▸ **Problem description**:
Go to the line with "A German Meissen" in the material below and copy from there through the line with "РЕЕСТР ПРОЦЕССОВСлайд 2", exactly. Pictures are not copied.

▸ **Material for this task**:
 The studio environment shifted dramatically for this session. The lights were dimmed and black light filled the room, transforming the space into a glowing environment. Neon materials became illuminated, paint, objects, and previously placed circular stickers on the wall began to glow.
==
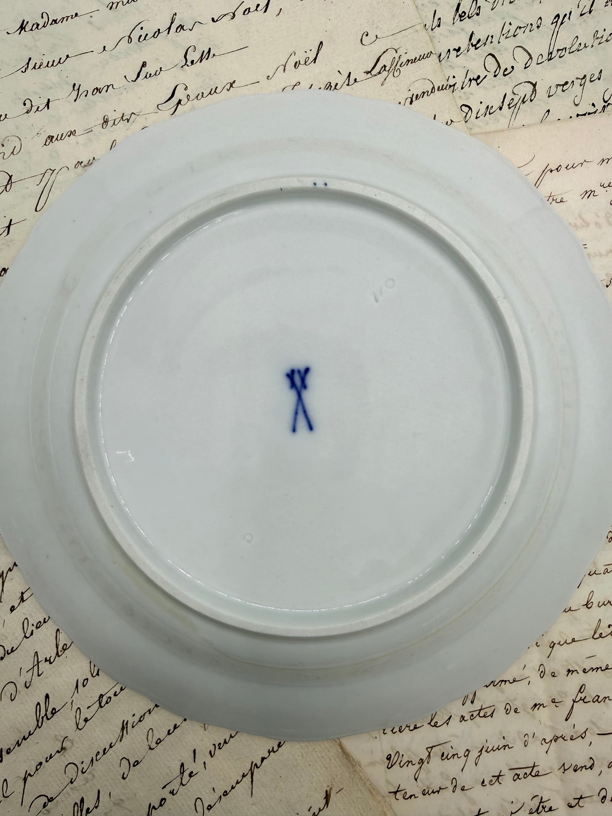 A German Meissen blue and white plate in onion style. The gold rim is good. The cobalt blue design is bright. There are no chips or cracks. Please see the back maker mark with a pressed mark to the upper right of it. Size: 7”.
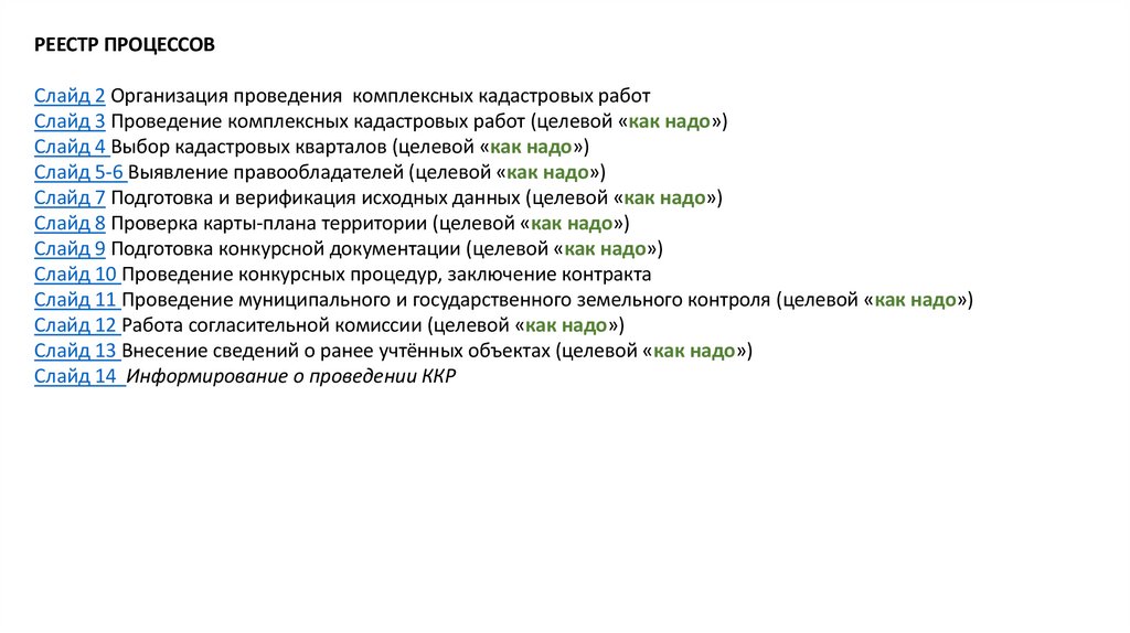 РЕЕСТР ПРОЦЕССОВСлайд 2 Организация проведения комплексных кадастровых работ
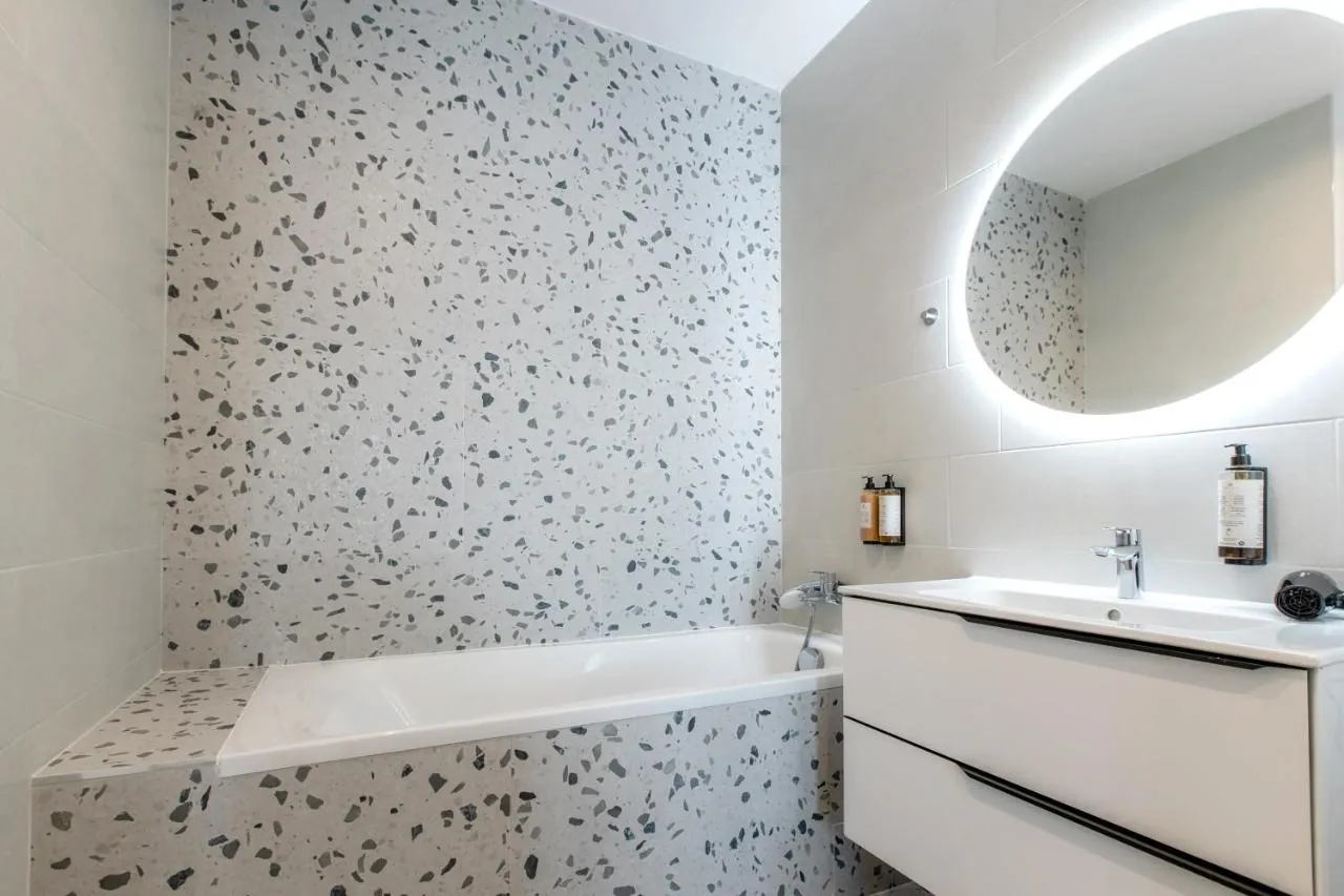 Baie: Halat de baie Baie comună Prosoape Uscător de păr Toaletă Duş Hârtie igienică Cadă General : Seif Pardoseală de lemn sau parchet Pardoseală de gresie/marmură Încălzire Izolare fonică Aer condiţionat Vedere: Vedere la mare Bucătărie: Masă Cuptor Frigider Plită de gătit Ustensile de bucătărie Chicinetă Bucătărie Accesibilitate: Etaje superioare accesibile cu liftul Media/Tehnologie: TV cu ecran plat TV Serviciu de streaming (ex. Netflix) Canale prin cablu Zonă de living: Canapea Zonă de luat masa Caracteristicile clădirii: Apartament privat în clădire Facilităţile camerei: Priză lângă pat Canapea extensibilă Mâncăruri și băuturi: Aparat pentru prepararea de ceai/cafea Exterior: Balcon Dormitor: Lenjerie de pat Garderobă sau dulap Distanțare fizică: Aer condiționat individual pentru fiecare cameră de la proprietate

▸ **Response**:
 A German Meissen blue and white plate in onion style. The gold rim is good. The cobalt blue design is bright. There are no chips or cracks. Please see the back maker mark with a pressed mark to the upper right of it. Size: 7”.
 РЕЕСТР ПРОЦЕССОВСлайд 2 Организация проведения комплексных кадастровых работ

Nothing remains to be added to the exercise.